Re: DataFrame -- help with encoding factor variables

2015-04-06 Thread Xiangrui Meng
Before OneHotEncoder or LabelIndexer is merged, you can define an UDF
to do the mapping.

val labelToIndex = udf { ... }
featureDF.withColumn(f3_dummy, labelToIndex(col(f3)))

See instructions here
http://spark.apache.org/docs/latest/sql-programming-guide.html#udf-registration-moved-to-sqlcontextudf-java--scala

-Xiangrui

On Mon, Apr 6, 2015 at 7:31 AM, Yana Kadiyska yana.kadiy...@gmail.com wrote:
 Hi folks, currently have a DF that has a factor variable -- say gender.

 I am hoping to use the RandomForest algorithm on this data an it appears
 that this needs to be converted to RDD[LabeledPoint] first -- i.e. all
 features need to be double-encoded.

 I see https://issues.apache.org/jira/browse/SPARK-5888 is still open but was
 wondering what is the recommended way to add a column? I can think of

 featuresDF.map { case Row(f1,f2,f3) =(f1,f2,if (f3=='male') 0 else 1,if
 (f3=='female') 0 else 1) }.toDF(f1,f2,f3_dummy,f3_dummy2)

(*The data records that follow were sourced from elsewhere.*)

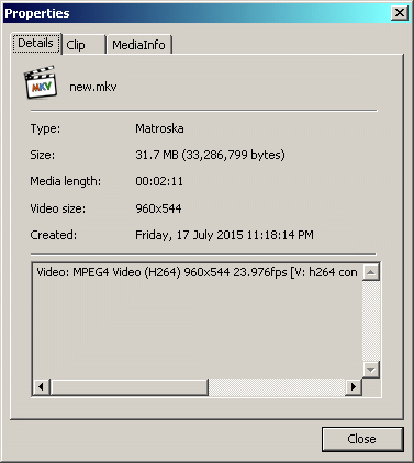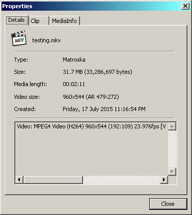 Here's what a 960x544 video with a 1.76 aspect ratio looks like when opened with MPC-HC and after using the File/Properties menu (I just made one for testing, so it'll probably be different to the video in your screenshot):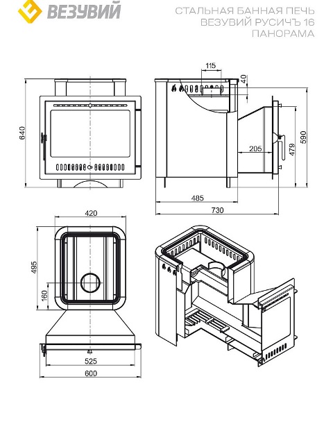Эффективное обогревание парной объемом до 18 кубометров обеспечивает дровяная печь «Русичъ Антрацит 16» от компании «Везувий». Благодаря конвекционному кожуху воздух быстро прогревается равномерно по всему помещению. Толстостенная конструкция из стали толщиной 6 мм гарантирует надежность и долговечность модели. Широкое панорамное стекло дверцы позволяет наслаждаться видом горящих поленьев без открытия дверцы — безопасность и комфорт использования гарантированы. Выносная топка упрощает процесс загрузки дров даже когда печь полностью разогрета.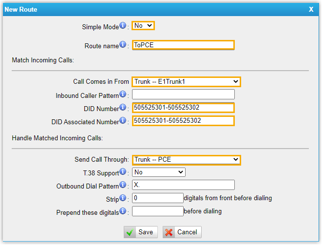 - DID Number: DID number will be used to match the incoming calls. DID number should be the same as DOD number on Cloud Voice PBX system. In this example, enter 505525301-505525302.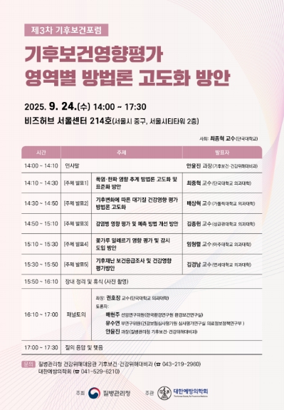 질병관리청은 대한예방의학회(회장 홍영습)와 함께 '3차 기후보건포럼'을 9월 24일 오후 2시, 비즈허브 서울센터(서울시 중구 소재)에서 개최한다.

 but that isn't ideal as I already have 80+ features in that dataframe so the
 matching itself is a pain -- thinking there's got to be a better way to
 append |levels| number of columns and select all columns but f3?

 I see a withColumn method but no constructor to create a column...should I
 be creating the dummy features in a new dataframe and then select them out
 of there to get a Column?

 Any pointers are appreciated -- I'm sure I'm not the first person to attempt
 this, just unsure of the least painful way to achieve.

-
To unsubscribe, e-mail: user-unsubscr...@spark.apache.org
For additional commands, e-mail: user-h...@spark.apache.org



DataFrame -- help with encoding factor variables

2015-04-06 Thread Yana Kadiyska
Hi folks, currently have a DF that has a factor variable -- say gender.

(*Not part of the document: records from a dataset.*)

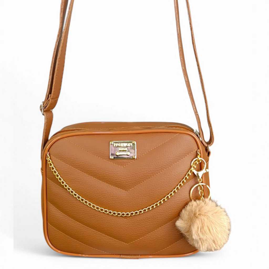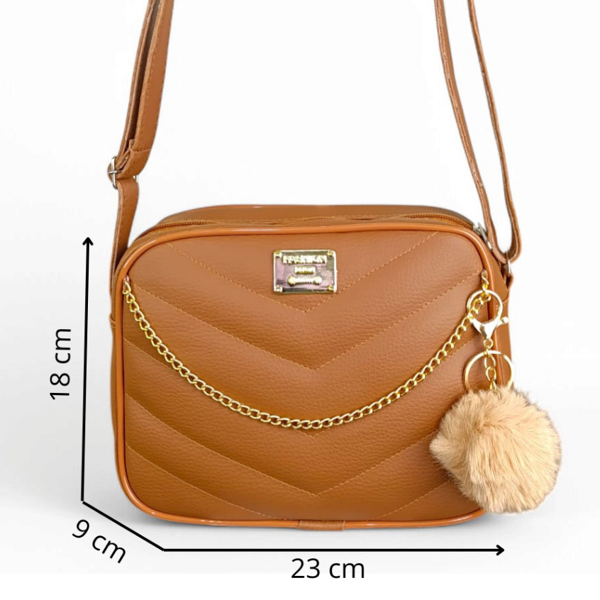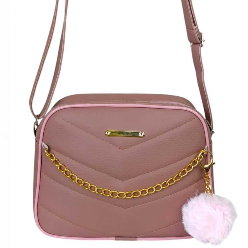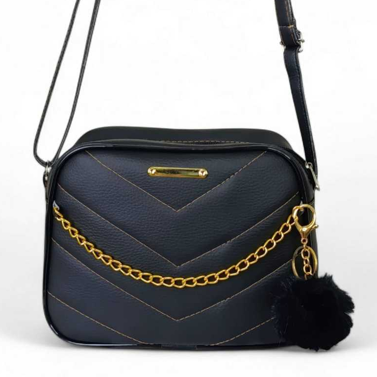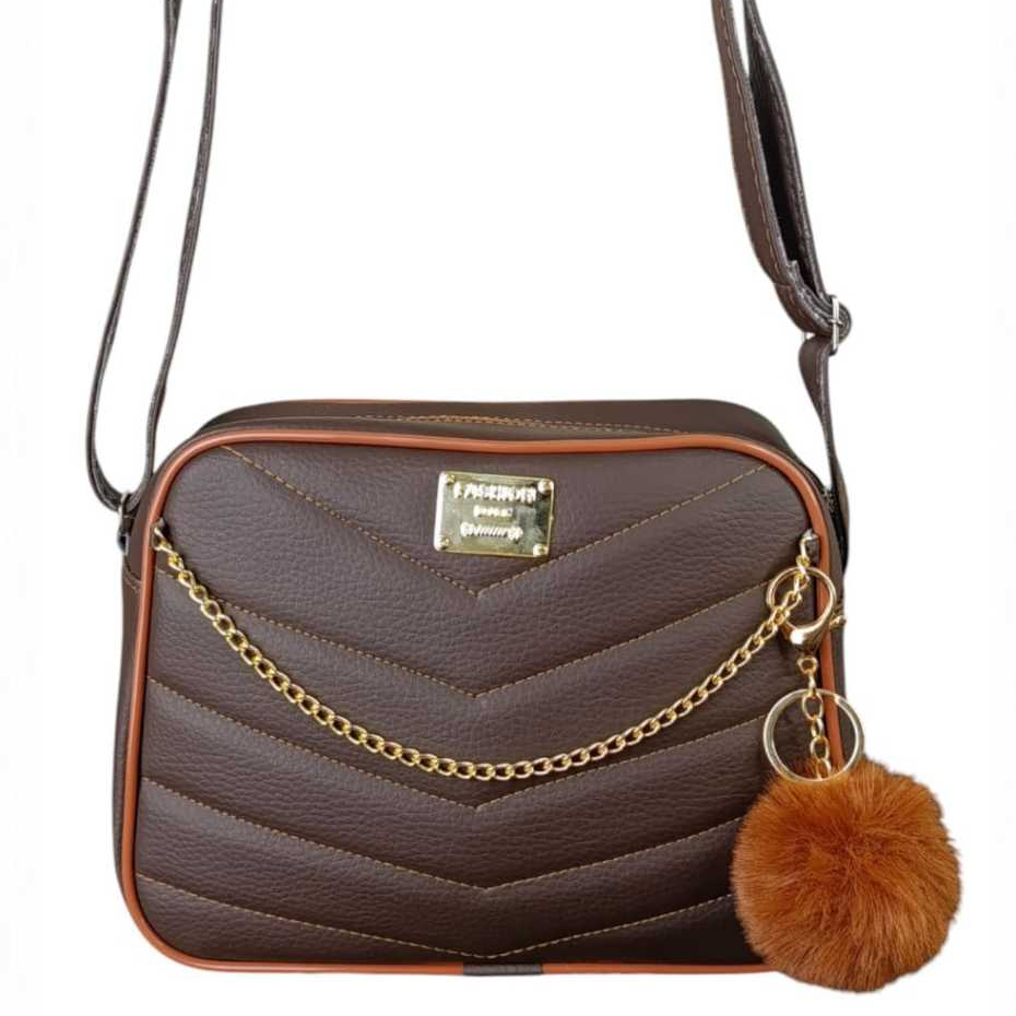 Bolsa Branca Com Corrente Elegante Transversal + Chaveiro Luxo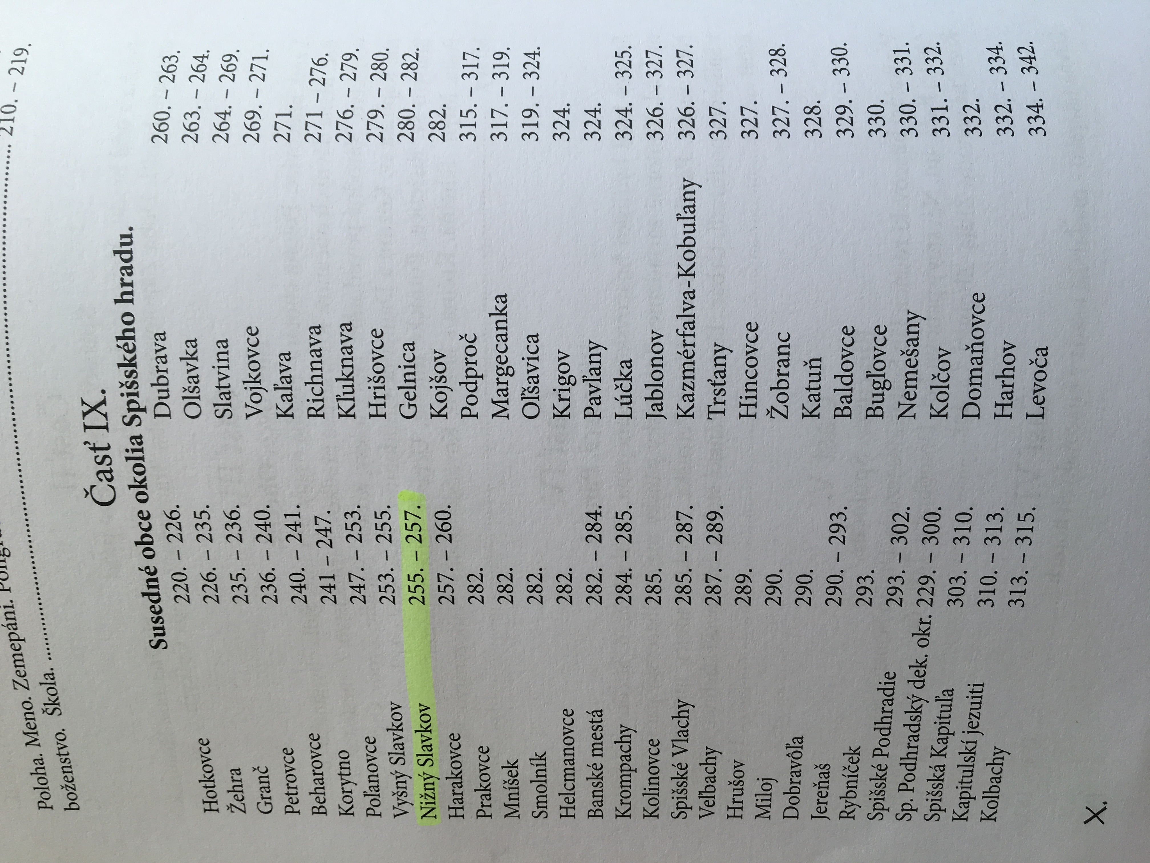 Z textu vyberáme: „Nižný Slavkov, priestranná osada asi na 2 km od Vyšného Slavkova, leží v Šariši pri udržiavanej ceste po dvoch stranách potoka s mlynom a pílou. Tu údajne už r. 1214 bola kaplnka sv. Anny, z ktorej sa vyvinul kostol“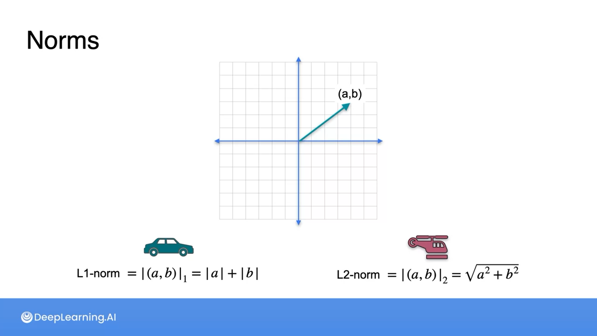 - L2-norm (aka Euclidean norm) is the square root of the squared points, for simplicity we can think of it as calculating the hypotenuse of a triangle using the Pythagorean theorem

I am hoping to use the RandomForest algorithm on this data an it appears
that this needs to be converted to RDD[LabeledPoint] first -- i.e. all
features need to be double-encoded.

I see https://issues.apache.org/jira/browse/SPARK-5888 is still open but
was wondering what is the recommended way to add a column? I can think of

featuresDF.map { case Row(f1,f2,f3) =(f1,f2,if (f3=='male') 0 else
1,if (f3=='female') 0 else 1) }.toDF(f1,f2,f3_dummy,f3_dummy2)

​

but that isn't ideal as I already have 80+ features in that dataframe so
the matching itself is a pain -- thinking there's got to be a better way to
append |levels| number of columns and select all columns but f3?

I see a withColumn method but no constructor to create a column...should I
be creating the dummy features in a new dataframe and then select them out
of there to get a Column?

Any pointers are appreciated -- I'm sure I'm not the first person to
attempt this, just unsure of the least painful way to achieve.